1, 2 => Are year of born
3, 4 => Are month of born. If month > 20 the person is born before
1900 year. If menth > 40 the person is born after 2000 year.
5, 6 => Are date of born.
7, 8, 9 => Are order and region, in which person been born. If is an
even number, the person is man. Otherwise is woman. Each region has
range for people in that region. I've to get lower boundary of region,
because I need to print region name of the person and order for
region.
10 => Is only for controlling valid identifier, and calculate on other
9. Algorithm is specified by administration in my country.

At the moment I use binary search. `regionIds' contains ranges of
every region. I need to get lower boundary of region.

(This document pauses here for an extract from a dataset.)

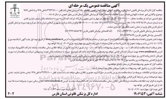 موضوع : واگذاری امور خدمات نگهداری فضای سبز و تنظیفات واحدهای اداره کل پزشکی قانونی استان فارس بطور حجمی در سال 1404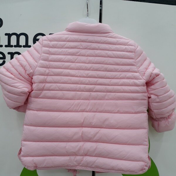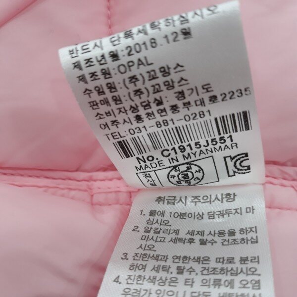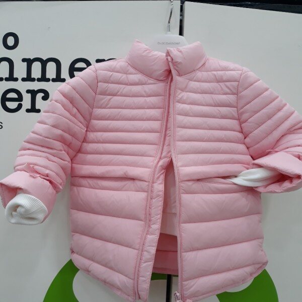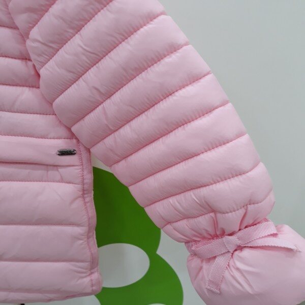 핑크색의 누빔점퍼로서 소매 포인트를 주어 귀엽게연출할수 있는 가절기 패딩입니다

If there are any optimization of my code, I'll be glad to see. Any
suggestions and corrections are welcome.
Thanks.
 
J

Jorge

If there are any optimization of my code, I'll be glad to see. Any
suggestions and corrections are welcome.

middle = Math.floor((end + start) / 2);
--> middle= ((end + start) / 2) | 0;
 
R

Richard Cornford

On Mar 25, 10:06 am, Jorge wrote:
middle = Math.floor((end + start) / 2);
--> middle= ((end + start) / 2) | 0;

Then why not the simpler:-

middle= ((end + start) >>> 1);

-?

Richard.
 
A

Asen Bozhilov

Richard said:
Then why not the simpler:-

middle= ((end + start) >>> 1);

Yes, in my case it's possible to use that. Thanks. But that approach
is harmful for biggest arrays because `>>>` convert operands
`ToUint32`, which mean can truncate bits and return unexpected
result.

var len = Math.pow(2, 32) - 1;
window.alert((len + 1) >>> 1); //0
window.alert(Math.floor((len + 1) / 2)); //2147483648
 
A

Antony Scriven

I've to search in sorting array [regionIds]. Possible
input data for search is:

[0, 999]

EGN.prototype = {
constructor : EGN,
regionIds : [-1, 43, 93, 139, 169, 183, 217, 233, 281, 301, 319,
341, 377, 395, 435, 501, 527, 555, 575, 601, 623, 721, 751, 789, 821,
843, 871, 903, 925, 999],

[...]

};

[...]

At the moment I use binary search. `regionIds' contains
ranges of every region. I need to get lower boundary of
region.

If there are any optimization of my code, I'll be glad to
see. Any suggestions and corrections are welcome.
Thanks.

It depends what you mean by optimization. If you mean code
simplicity then I'd just do a simple linear scan of the
array. It would only be three or four lines of code.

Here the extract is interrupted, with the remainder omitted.